Background
Michael Mauboussin is the Head of Consilient Research at Counterpoint Global. We cover the reasons behind the shift from public to private investing, the most significant changes in capital markets, and the rise of intangible assets.
Date
January 9, 2020
Episode Number
189
Tags
Public Equities
Principles & Lessons:
- The declining number of public companies masks a deeper structural shift in capital formation: Mauboussin highlights that while the number of U.S. public companies has halved since 1996, this does not mean less economic activity. Many small companies now sell to incumbents instead of going public, as the costs of listing—legal, regulatory, and structural—have outpaced the benefits for smaller firms. Moreover, looking at total assets rather than just the number of listed entities reveals that public markets still house nearly all the economic mass. As he explains, “the assets are only down about 5%” despite the dramatic drop in listed companies, suggesting the real story is consolidation and delayed public listing, not diminished activity.
- Buyouts are increasingly a recycling mechanism, not a transformation machine: In the early days, buyout firms were expected to improve operations, cut costs, and drive performance. Now, as Mauboussin notes, “companies just bounce from one buyout firm to another.” The rise of secondary buyout transactions—where one PE firm sells to another—raises the question of whether operational value creation is still occurring or if the industry is becoming more about asset reshuffling. The implication is that allocators may be mistaking movement for progress unless they see clear evidence of value-added operational improvement.
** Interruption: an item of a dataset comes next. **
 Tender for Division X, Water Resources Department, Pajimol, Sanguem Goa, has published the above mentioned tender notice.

- Returns in private equity are more about selection than asset class: While average buyout returns have been similar to public markets (using PME methodology), venture capital displays a high dispersion and persistent outperformance among top quartile managers. Mauboussin attributes this to “preferential access,” where top firms attract the best entrepreneurs, creating a feedback loop. The implication is stark: access to top-tier VCs is critical. Without it, LPs are likely buying into average returns with illiquidity risk. As Mauboussin puts it, “they know about the base rates for the industry… but they don’t think those base rates apply to them.”
- Stock-based compensation acts as a stealth capital source, distorting financial analysis: In Mauboussin’s view, the pervasive use of stock-based comp means many high-growth tech companies are indirectly financing themselves via employee equity, not external capital. “It should be in the financing section of the cash flow statement,” he notes, not added back to operations as it often is. This blurs the true economics of the business and overstates operational cash flow. For analysts, this demands reclassification of these items and greater skepticism of “cash flow” definitions that ignore dilution and real economic cost.
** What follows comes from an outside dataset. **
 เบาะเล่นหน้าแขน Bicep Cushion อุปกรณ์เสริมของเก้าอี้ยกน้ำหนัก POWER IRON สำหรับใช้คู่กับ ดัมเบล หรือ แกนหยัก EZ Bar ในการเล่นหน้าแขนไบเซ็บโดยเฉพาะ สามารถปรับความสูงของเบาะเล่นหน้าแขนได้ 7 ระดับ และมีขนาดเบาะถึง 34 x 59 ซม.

- Intangible investments reshape value measurement, but are difficult to quantify at the firm level: While aggregate measures show intangibles (e.g. R&D, brand, training, software) now exceed tangible investments, the challenge is firm-level estimation. SG&A, for instance, includes both maintenance and investment elements, but GAAP treats it all as expense. As Mauboussin summarizes, “you have to take it off the income statement and put it on the balance sheet,” yet doing this rigorously is hard. This has major implications: traditional valuation metrics like price/book and ROIC are deeply distorted unless one adjusts for hidden investment. Not adjusting risks misclassifying innovative companies as overvalued or low-return.
- The rise of superstar firms is not an illusion—it reflects structural economic changes: The increasing gap in returns on capital between top firms and the rest (e.g., from 15% to 30%+) isn’t just luck or timing. Mauboussin attributes this to scale economies in both supply-side and demand-side economics. “As your output increases, your cost per unit goes down… but your willingness to pay goes up,” especially in networked businesses. This explains the dominance of certain firms and why returns are durable, not mean-reverting. Analysts must abandon overly simplistic base rate thinking in favor of understanding how economic moats scale differently in an intangible economy.
- High prices in buyouts compress returns in predictable, not mysterious, ways: There’s a near-linear inverse relationship between entry multiples and returns. Mauboussin references a Steve Kaplan chart showing that “the more you pay, the less the PMEs are in the future.” This isn’t surprising, but many allocators underweight price discipline in private markets. Compounding this are aggressive EBITDA adjustments, often based on anticipated cost savings, which “miss those forecasts by a meaningful amount.” The discipline that underpins public investing (e.g., price paid matters) applies just as much in private markets, but is often obscured by IRRs and forecasts.
- Public market active management remains viable, but demands adaptive reasoning, not nostalgia: Mauboussin resists deterministic claims about the death of alpha but is clear that competition and efficiency have changed the game. He cites the fact that there are now 27 CFA charterholders per public company, compared to one in 1976. His recommendation: don’t lament the past, adapt to the present. Opportunities exist—especially in under-theorized areas like intangibles, customer lifetime value, and cognitive diversity in teams—but require new mental models. As he states: “Don’t complain about the world. Figure out a way to thrive in it.”